Original topic: ntp时钟同步异常(提前、落后)对集群运行有何影响?直接修复到当前时刻有何风险?

| username: Jellybean

【TiDB Usage Environment】Production Environment / Testing / PoC
【TiDB Version】Any
【Encountered Issues: Problem Phenomenon and Impact】

TiDB is a distributed database system that requires time synchronization between nodes to ensure the linear consistency of transactions under the ACID model.
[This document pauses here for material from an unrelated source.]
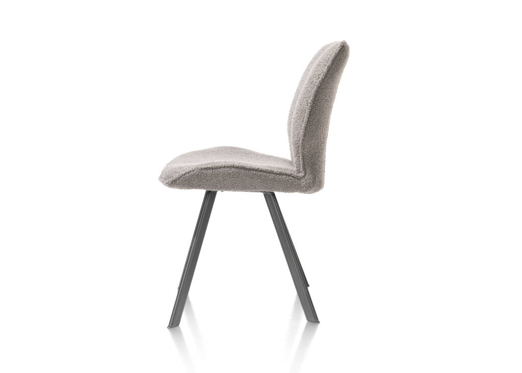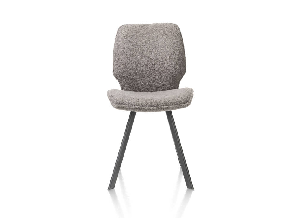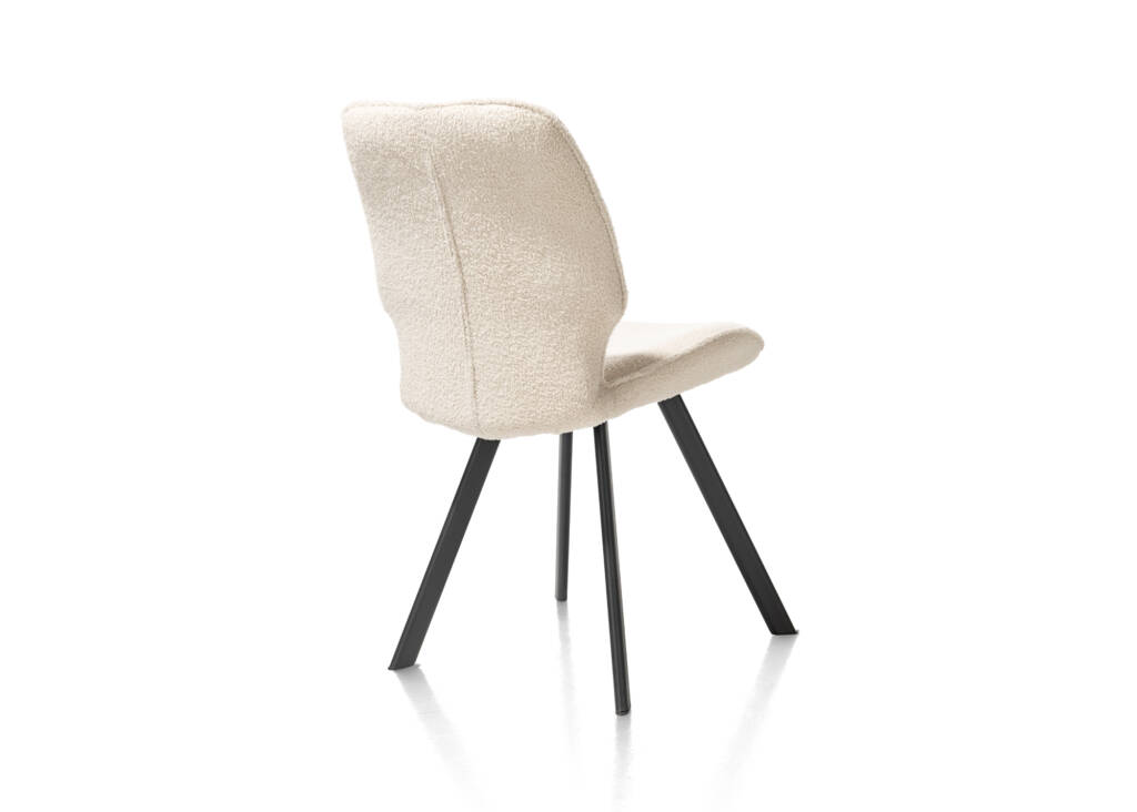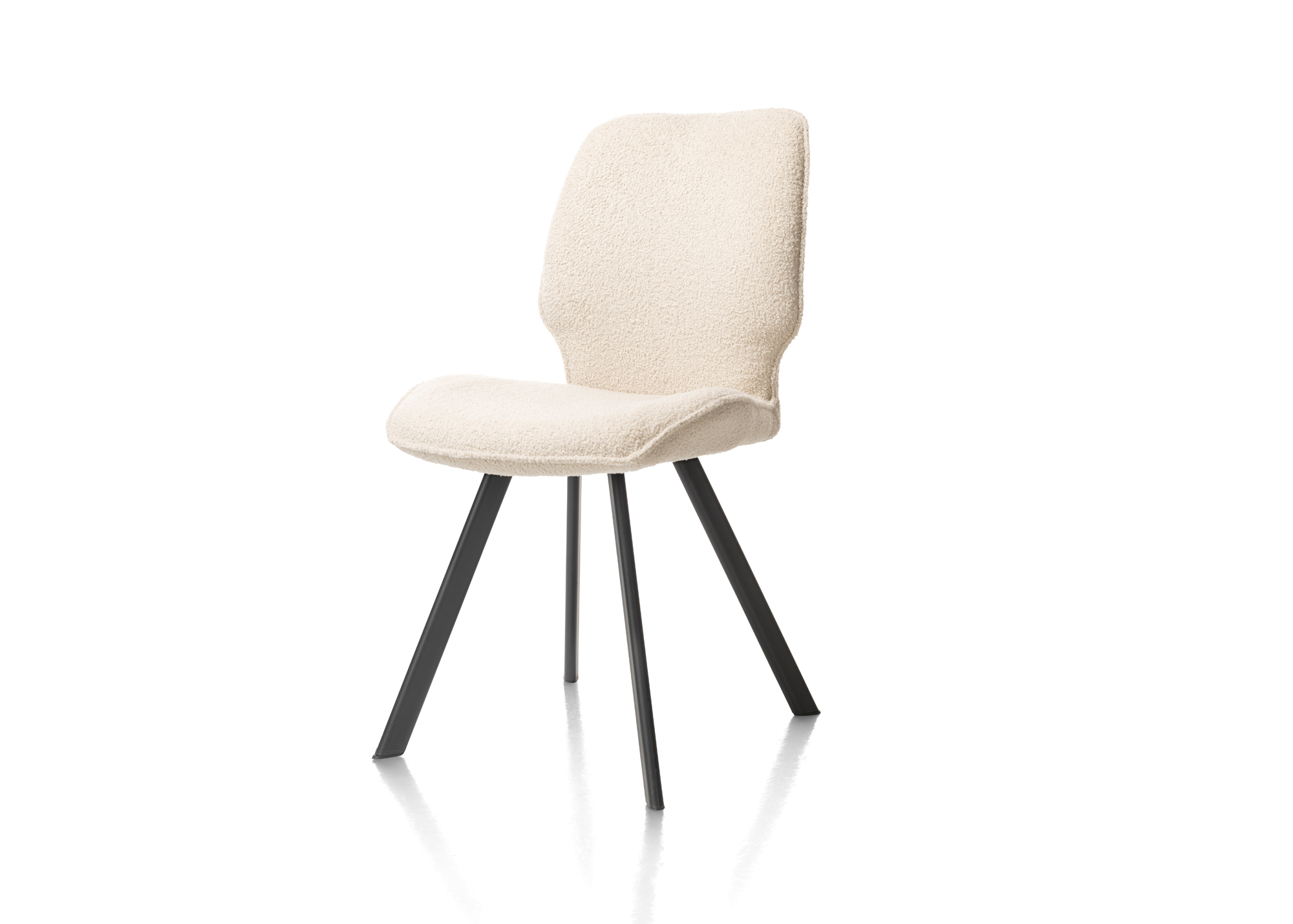 Deze eetkamerstoel Semmi uit de collectie van Happy@Home heeft een prachtig design met een versmalling in de rug. Het onderstel van de stoel Semmi heeft 4 zwart metalen, extra fijne, poten. De stoel is uitgevoerd in de fijne boucléstof (lusjesstof) Avicci en is beschikbaar in 3 verschillende kleuren: crème, antraciet en taupe.

The common solution for time synchronization is to use NTP services, which can ensure time synchronization between nodes through the pool.ntp.org time service on the internet, or by using an offline environment with a self-built NTP service.

Additionally, the official documentation frequently mentions the importance of NTP clocks:

  1. Using pd-recover to repair metadata:
    pd-recover does not modify TSO. Therefore, before performing this step, ensure that the local time is later than the time of the failure and confirm that the NTP clock synchronization service was enabled between PD components before the failure. If not, you need to adjust the local clock to a future time to ensure that TSO does not roll back.”
  2. Using the AS OF TIMESTAMP statement to read historical version data in TiDB with the Stale Read feature:
    “When using Stale Read, you need to deploy NTP services for TiDB and PD nodes to prevent the timestamp specified by TiDB from exceeding the current latest TSO allocation progress (such as a timestamp a few seconds later) or falling behind the GC safe point timestamp. When the specified timestamp exceeds the service range, TiDB will return an error.”

When clock issues occur:

  1. If it is the tidb-server, there might be anomalies when executing commands like select now() to get the current system time?
  2. If it is the PD, the component closely related to the clock in the cluster is the PD leader. Its TSO includes a physical clock and a logical clock. TSO is used for transaction IDs, data commit times, and other key contents. If the PD leader’s machine clock has issues and is adjusted back from the future to the present, there might be TSO duplication issues? The IDs of transactions before and after might be the same, leading to data confusion?
  3. If it is a TiKV machine, are there similar risk points?
| username: 春风十里 | Original post link

This is a good question and worth deep consideration. Although I am not particularly proficient yet, reading the official documentation’s description of TSO:

The following example shows the binary details of the TSO timestamp:

0000011000101000111000010001011110111000110111000000000000000100  ← This value is the binary form of 443852055297916932
0000011000101000111000010001011110111000110111                    ← **The first 46 bits are the physical timestamp**
                                              000000000000000100  ← The last 18 bits are the logical timestamp

The TSO timestamp consists of two parts:

  • Physical timestamp: UNIX timestamp since January 1, 1970, in milliseconds.
  • Logical timestamp: Incremental counter used in situations where multiple timestamps are needed within one millisecond, or certain events may trigger clock process reversal. In these cases, the physical timestamp remains unchanged, while the logical timestamp keeps incrementing. This mechanism ensures the integrity of the TSO timestamp, ensuring that the timestamp always increments and does not roll back.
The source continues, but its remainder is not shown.